Tuesday, 15 December 2015
Poster Hall (Moscone South)
P C D Milly, USGS, Princeton, NJ, United States
Abstract:
Earth-System Modeling often requires the modeler to address the tradeoff between detail and parsimony. Here we describe two points on the tradeoff curve that have been implemented for description of hillslope hydrology in the Geophysical Fluid Dynamics Laboratory (GFDL) Earth-System Model (ESM). These are (1) parameterized and (2) explicitly resolved descriptions of heterogeneity with respect to topographic position in the land models LM3 and LM3-TiHy (for "tiled hydrology"), respectively. The conceptual base for both descriptions is that of a characteristic landscape unit having width and elevation that are functions (only) of horizontal distance from a discharge point (a stream). Horizontal saturated hydraulic conductivity decays exponentially from a surface value to a (generally non-zero) value at depth.

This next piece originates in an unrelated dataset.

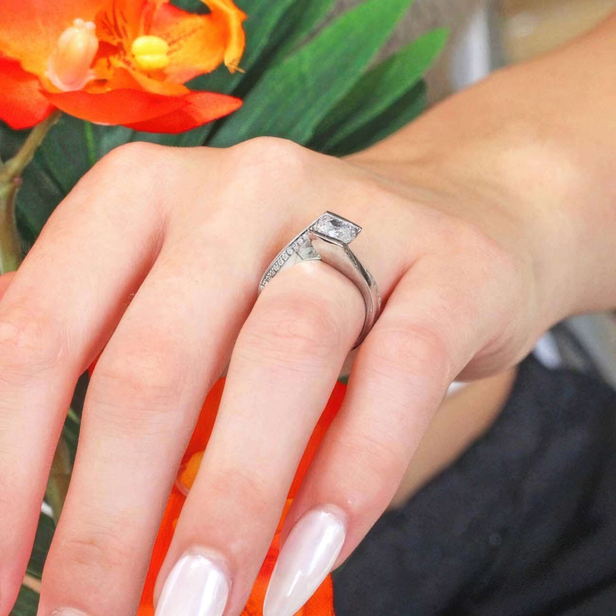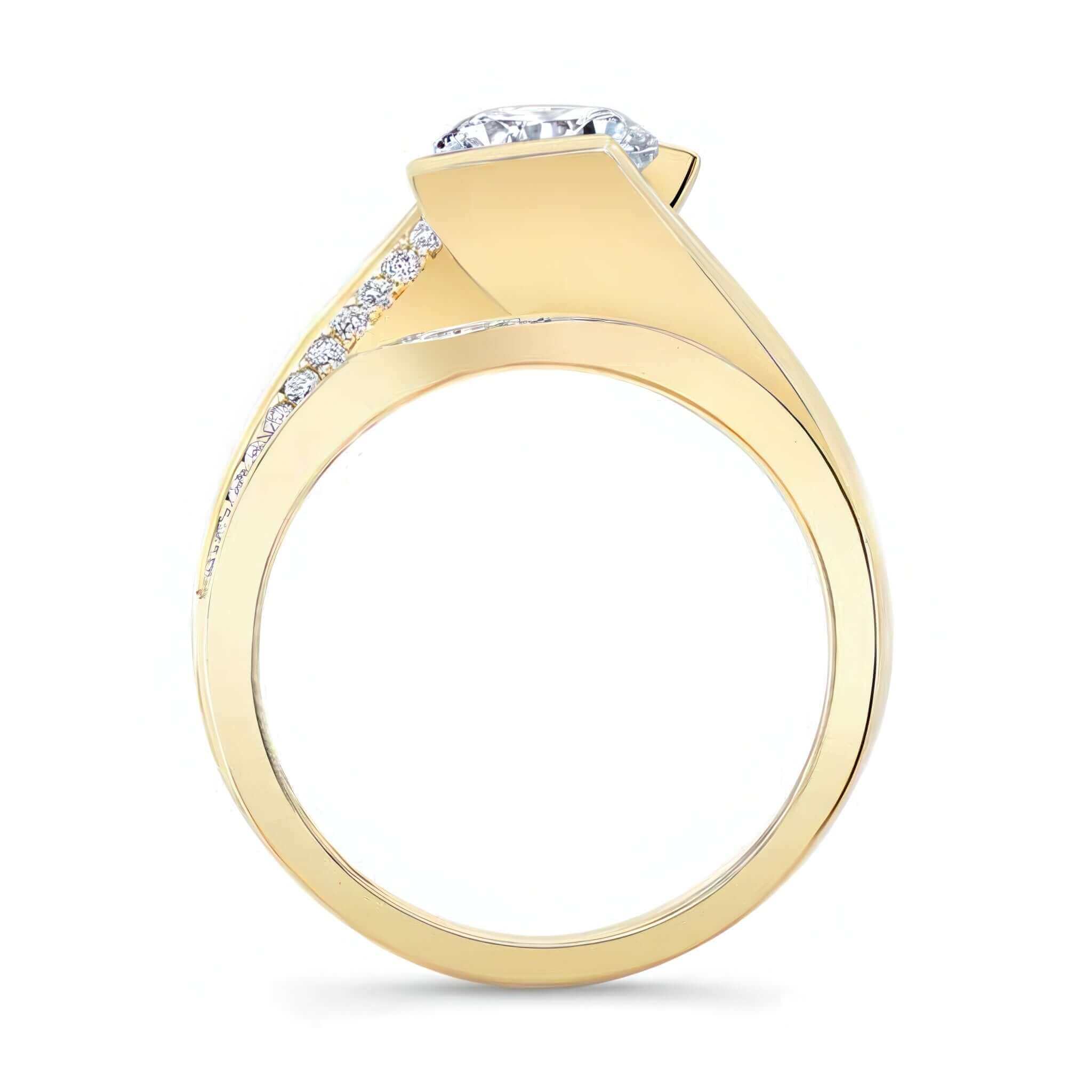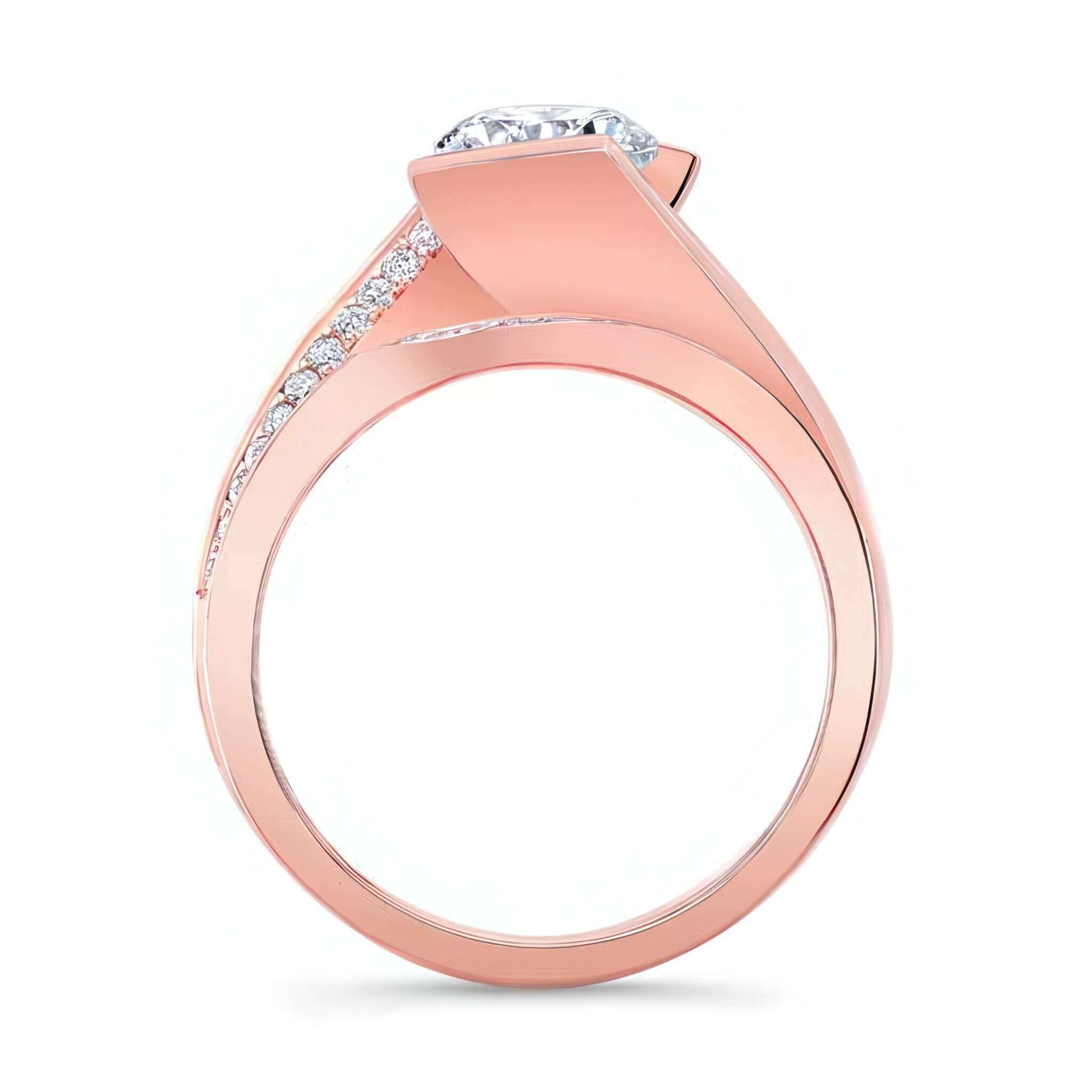This stunning tension setting bridal set is decorated by channel set diamonds on both sides of the shank, the ring gracefully twists whilst embracing the elevated center in a tension setting. Comes with a matching diamond wedding band.

In the parameterized treatment, the relations among hillslope water storage, seepage-face (i.e., saturated-surface) area fraction, and groundwater discharge are derived by solution of the steady-state form of the relevant hydraulic (i.e., one-dimensional) groundwater flow equation; a dimensionless form of the problem is pre-solved numerically for ranges of relevant parameters and is stored in a lookup table. In the explicitly resolved treatment, non-steady state is allowed, horizontal discretization is introduced, and variation of hydraulic head with vertical position is also considered. The explicitly resolved treatment allows for co-evolution of hydrologic and biogeochemical heterogeneity with respect to hillslope position, while the parameterized treatment is computationally faster. The two treatments yield essentially the same water- and energy- balance partitioning in experiments within the GFDL ESM, but only the explicitly resolved treatment (LM3-TiHy) provides the hydrologic framework for modeling biogeochemical processes that depend strongly on soil wetness (e.g., those associated with soil-carbon dynamics).